» **What is being asked**
Every line between the one containing "这张朝中社9月9日提供的照片" and the last line of the data, both included, is to be set down exactly, and pictures are to be omitted.

» **Dataset entries**
────────────────

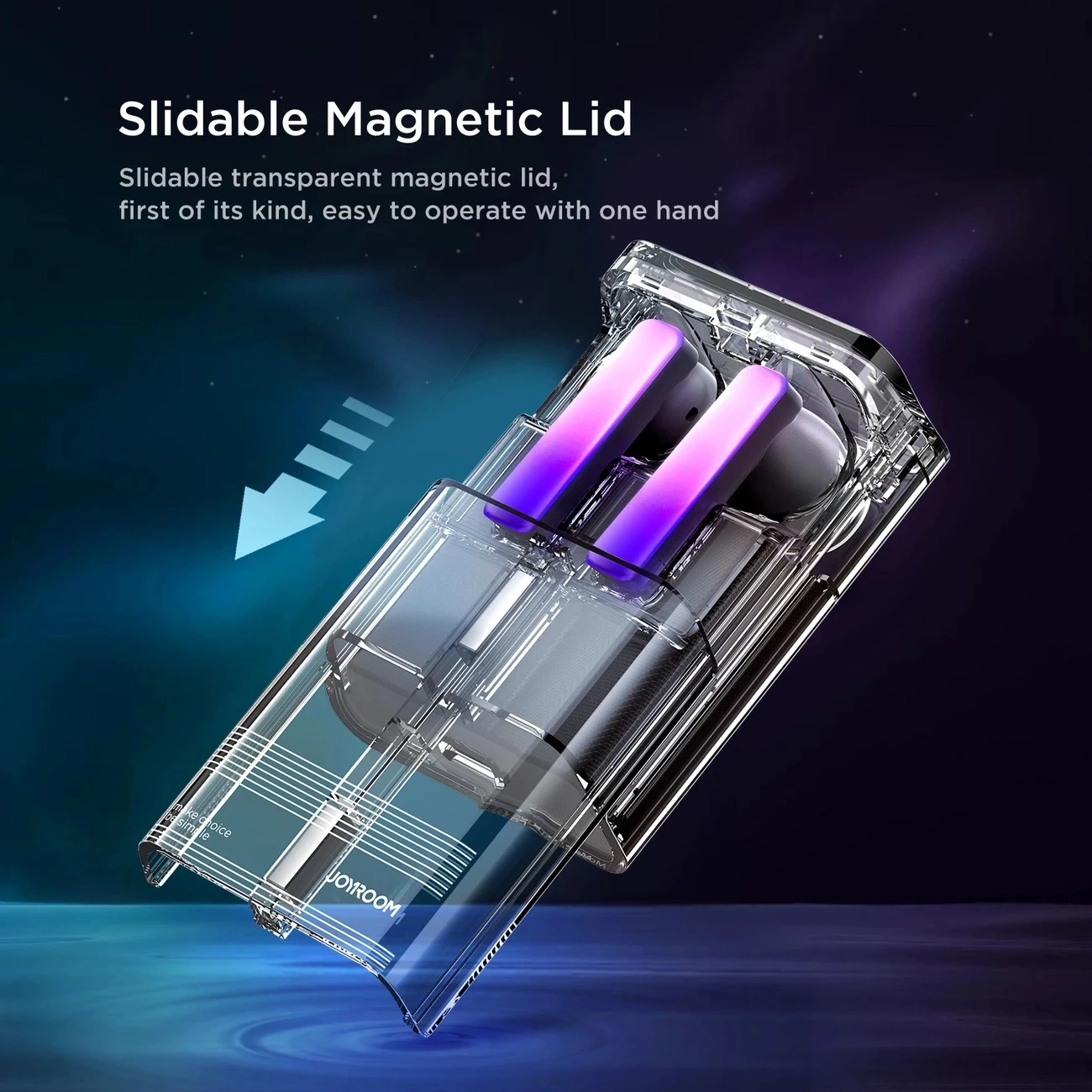 Odkryj nowy wymiar audio z słuchawkami TWS Joyroom JR-TC1 IceLens Series. Przezroczysta, przesuwna obudowa z podświetleniem w czterech trybach LED przyciąga wzrok i pozwala Ci wyrazić styl.
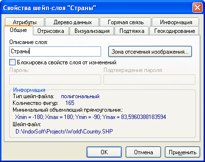 Кроме этого, можно определить для слоя параметры геокода, с помощью которого можно быстро находить на карте именованные объекты, здания по адресу и т. д.; параметры горячей связи, которая предназначена для связи объектов на карте с некоторыми другими объектами, например, с другими картами, проектами, растровыми изображениями и т. д.; формат получаемой информации по объектам слоя в режиме краткой информации.
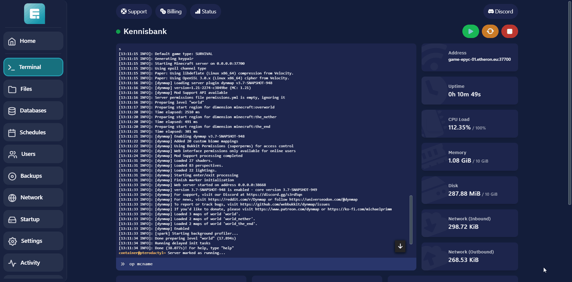 Navigeer naar jouw gewenste server op het Gamepaneel.
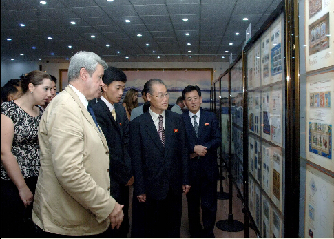 这张朝中社9月9日提供的照片显示,由朝鲜邮票爱好者同盟和俄罗斯民族集邮学院共同主办的集邮展在朝鲜民主主义人民共和国成立66周年之际举行。
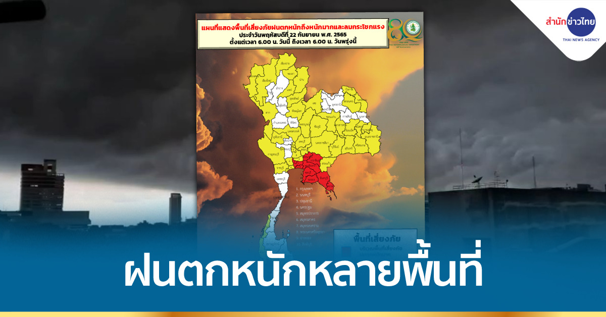 กรุงเทพฯ 22 ก.ย. – กรมอุตุฯ เตือนประเทศไทยฝนตกหนักถึงหนักมากกับลมกระโชกแรงบางแห่งในภาคเหนือ อีสาน ภาคกลาง รวมทั้ง กทม.และปริมณฑล รวมทั้งภาคตะวันออก โดย กทม.-ปริมณฑล ฝนฟ้าคะนอง 70% ของพื้นที่

────────────────

» **Exercise solution**
 这张朝中社9月9日提供的照片显示,由朝鲜邮票爱好者同盟和俄罗斯民族集邮学院共同主办的集邮展在朝鲜民主主义人民共和国成立66周年之际举行。
 กรุงเทพฯ 22 ก.ย. – กรมอุตุฯ เตือนประเทศไทยฝนตกหนักถึงหนักมากกับลมกระโชกแรงบางแห่งในภาคเหนือ อีสาน ภาคกลาง รวมทั้ง กทม.และปริมณฑล รวมทั้งภาคตะวันออก โดย กทม.-ปริมณฑล ฝนฟ้าคะนอง 70% ของพื้นที่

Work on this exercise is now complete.